Personal values, attitudes, and assessments. Personal values and attitudes are expected to influence both (im)mobility decision-making as well as destination choices. For instance, it is commonly assumed that potential migrants’ preferences for destinations tend to be those where predominant cultural values reflect the values of potential migrants themselves. This should be particularly so for permanent location changes.

Values that are frequently considered in the existing studies concern gender norms and religious values (e.g., van Dalen et al., Reference van Dalen, Groenewold and Schoorl2005; Docquier et al., Reference Docquier, Tansel and Turati2020). This may speak to the preference formation of migrants as much as it speaks to narratives surrounding migration deterrence in destination countries, in particular, the fear in some host societies of holding different values than immigrants. Other attitudes we consider concern risk-taking preferences and believing that “fate is in one’s own hand.” This is based on the notion that migration is a process that inherently carries uncertainties, which individuals with certain risk-taking preferences (e.g., Goldbach and Schlüter, Reference Goldbach and Schlüter2018; Kiriscioglu and Ustubici, Reference Kiriscioglu and Ustubici2023) and/or a sense of self-efficacy are more likely to embrace (e.g., Ajzen, Reference Ajzen1991) or cope with compared to others.

Involvement in the local community. Community involvement is associated both with emotional connections to the local community (i.e., to the neighborhood or city of residence) or to the current country of residence and with network connections that individuals have and can make use of to cope with challenges and hardships. Overall, we would assume different aspects of community involvement to increase the likelihood of immobility aspirations. A negative “change in community belonging,” as well as expressing “feeling like an outsider” more frequently, we would expect to be ceteris paribus positively associated with mobility aspirations.

Multidimensional well-being. In our data collection, we cover several dimensions of multidimensional well-being that include overall life satisfaction, health, discrimination experiences, neighborhood characteristics, a sense of political representation, and hope. In general, indicators associated with a high relative well-being are assumed to increase aspirations to stay and reduce aspirations to move, respectively.

Health is operationalized by the current self-rated health, changes in the same, as well as the PHQ score, which is a psychological indicator for mental health burden over the past two weeks. Ill health as well as a deterioration of health, particularly among those who perceive difficulties in seeing a doctor, are expected to feed into the motivation to move, while potentially negatively impacting the capabilities to do so.

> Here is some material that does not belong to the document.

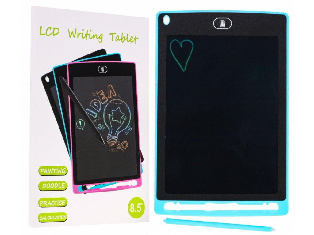 Az interaktív tablet könnyű és vékony, a kijelző átlója 8,5". Bárhová magaddal viheted. A táblagép alján tolltartó található. A ceruzán van egy klip és egy zsinór, ami a tabletre rögzíthető A felső elülső részen található egy gomb, amellyel egy kattintással törölheti a táblagépen készített alkotást.

Discrimination experiences in the current place of residence are expected to increase mobility aspirations. We cover different forms of discrimination—specifically based on nationality and religion—and how it materializes as lived experiences, specifically as verbal threats, and/or physical violence.

The quality of one’s neighborhood is expected to influence mobility aspirations such that those in poor quality neighborhoods are ceteris paribus expected to aspire to move, at least to a different neighborhood. To the extent that neighborhood quality approximates economic well-being, we also expect it to be associated with income-related capabilities. Identifying as “belonging to the majority group” within the local neighborhood—however, “majority group” is being defined by respondents—is expected to be associated with relative welfare benefits. We consider this indicator to proxy the availability of within-group support structures.

The degree of perceived political representation measures the extent to which respondents agree that they are represented by the government in their country of current residence. We assume that this factor is positively associated with aspirations to stay. Finally, the assessment that the current country of residence is on a path for a better future (i.e., hope)—a phrasing that is suitable because both Lebanon and Turkey during the time of our surveys were characterized by (severe) economic and sociopolitical crises—is important because it directly speaks to livelihood opportunities to stay, and potential motives to leave.

Past migration experiences. Past migration experiences—both of the respondents themselves as well as by family members—are assumed to increase the capabilities to move for the reason of reducing the uncertainties and increasing the chances of having established network structures abroad. Having return migrants among family members could both increase network structures, or—depending on the experiences of return migrants and the information they provide, reduce migration aspirations (e.g., Auer and Schaub, Reference Auer and Schaub2023). At the same time, to the extent that having contact to return migrants is associated with reduced remittances received, it might add additional financial motives to move.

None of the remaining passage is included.